Computing device 400 may have additional features or functionality. For example, computing device 400 may also include additional data storage devices (removable and/or non-removable) such as, for example, magnetic disks, optical disks, or tape. Such additional storage is illustrated in FIG. 4 by a removable storage 409 and a non-removable storage 410. Computer storage media may include volatile and nonvolatile, removable and non-removable media implemented in any method or technology for storage of information, such as computer readable instructions, data structures, program modules, or other data. System memory 404, removable storage 409, and non-removable storage 410 are all computer storage media examples (i.e. memory storage.) Computer storage media may include, but is not limited to, RAM, ROM, electrically erasable read-only memory (EEPROM), flash memory or other memory technology, CD-ROM, digital versatile disks (DVD) or other optical storage, magnetic cassettes, magnetic tape, magnetic disk storage or other magnetic storage devices, or any other medium which can be used to store information and which can be accessed by computing device 400. Any such computer storage media may be part of device 400. Computing device 400 may also have input device(s) 412 such as a keyboard, a mouse, a pen, a sound input device, a camera, a touch input device, etc.
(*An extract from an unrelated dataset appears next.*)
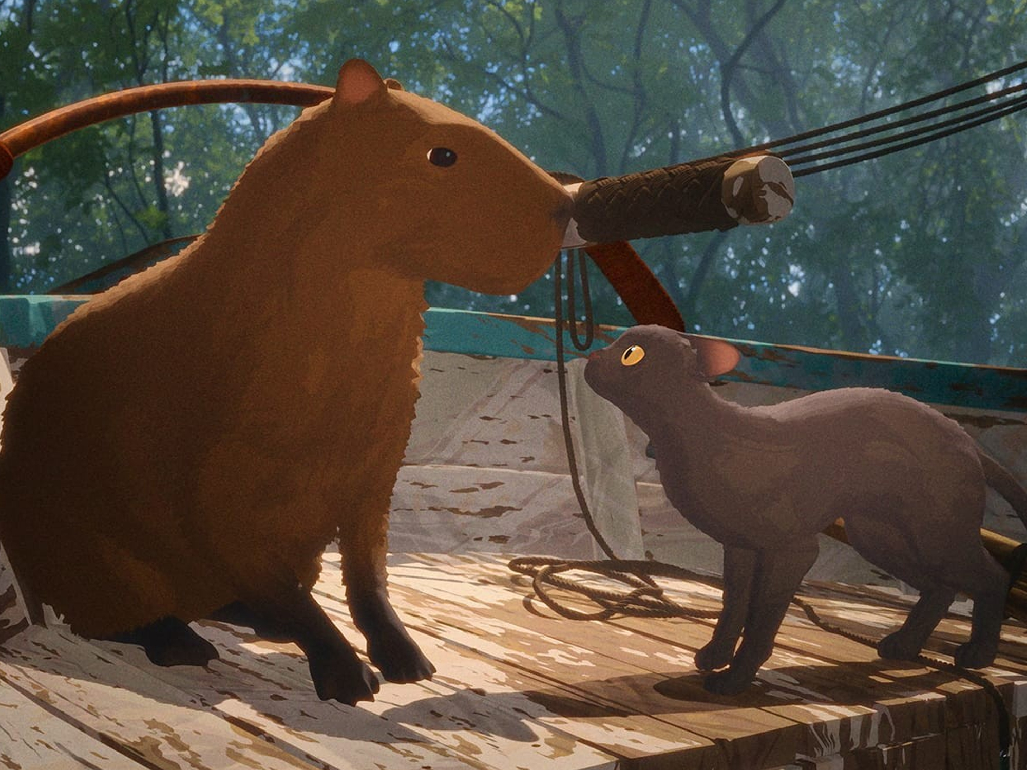 If there is a cat in your animated film, conventional wisdom dictates that it must be wisecracking, aloof, and preferably voiced by a B‑list celebrity. Even the adorable moggies at the heart of many Studio Ghibli properties can’t escape the Cattitude Curse that has long plagued our feline friends in film – but there’s a disruptor in our midst. In his second feature film, which took five and a half years to make using open source software Blender, Gints Zilbalodis centers a small grey cat who doesn’t utter a single word. Neither do his crew mates (a capybara, a dog, a secretarybird and a ring-tailed lemur) on the small boat they find themselves travelling in after a great flood turns the land into an ocean. Instead the cat meows, the dog barks, the bird squawks and the lemur chitters (the capybara is actually voiced by a baby camel as Zilbalodis worried audiences would find actual capybara sounds offputting) as their quintet attempts to navigate a brave new world.

Output device(s) 414 such as a display, speakers, a printer, etc. may also be included. Computing device 400 may also include a vibration device capable of initiating a vibration in the device on command, such as a mechanical vibrator or a vibrating alert motor. The aforementioned devices are only examples, and other devices may be added or substituted.

Computing device 400 may also contain a network connection device 415 that may allow device 400 to communicate with other computing devices 418, such as over a network in a distributed computing environment, for example, an intranet or the Internet. Device 415 may be a wired or wireless network interface controller, a network interface card, a network interface device, a network adapter or a LAN adapter. Device 415 allows for a communication connection 416 for communicating with other computing devices 418. Communication connection 416 is one example of communication media. Communication media may typically be embodied by computer readable instructions, data structures, program modules, or other data in a modulated data signal, such as a carrier wave or other transport mechanism, and includes any information delivery media. The term “modulated data signal” may describe a signal that has one or more characteristics set or changed in such a manner as to encode information in the signal. By way of example, and not limitation, communication media may include wired media such as a wired network or direct-wired connection, and wireless media such as acoustic, radio frequency (RF), infrared, and other wireless media. The term computer readable media as used herein may include both computer storage media and communication media.

As stated above, a number of program modules and data files may be stored in system memory 404, including operating system 405. While executing on processing unit 402, programming modules 406 (e.g. program module 407) may perform processes including, for example, one or more of the stages of the process 300 as described above. The aforementioned processes are examples, and processing unit 402 may perform other processes. Other programming modules that may be used in accordance with embodiments herein may include electronic mail and contacts applications, word processing applications, spreadsheet applications, database applications, slide presentation applications, drawing or computer-aided application programs, etc.

Generally, consistent with embodiments herein, program modules may include routines, programs, components, data structures, and other types of structures that may perform particular tasks or that may implement particular abstract data types. Moreover, embodiments herein may be practiced with other computer system configurations, including hand-held devices, multiprocessor systems, microprocessor-based or programmable consumer electronics, minicomputers, mainframe computers, and the like. Embodiments herein may also be practiced in distributed computing environments where tasks are performed by remote processing devices that are linked through a communications network. In a distributed computing environment, program modules may be located in both local and remote memory storage devices.

Furthermore, embodiments herein may be practiced in an electrical circuit comprising discrete electronic elements, packaged or integrated electronic chips containing logic gates, a circuit utilizing a microprocessor, or on a single chip (such as a System on Chip) containing electronic elements or microprocessors. Embodiments herein may also be practiced using other technologies capable of performing logical operations such as, for example, AND, OR, and NOT, including but not limited to mechanical, optical, fluidic, and quantum technologies. In addition, embodiments herein may be practiced within a general purpose computer or in any other circuits or systems.

Embodiments herein, for example, are described above with reference to block diagrams and/or operational illustrations of methods, systems, and computer program products according to said embodiments. The functions/acts noted in the blocks may occur out of the order as shown in any flowchart. For example, two blocks shown in succession may in fact be executed substantially concurrently or the blocks may sometimes be executed in the reverse order, depending upon the functionality/acts involved.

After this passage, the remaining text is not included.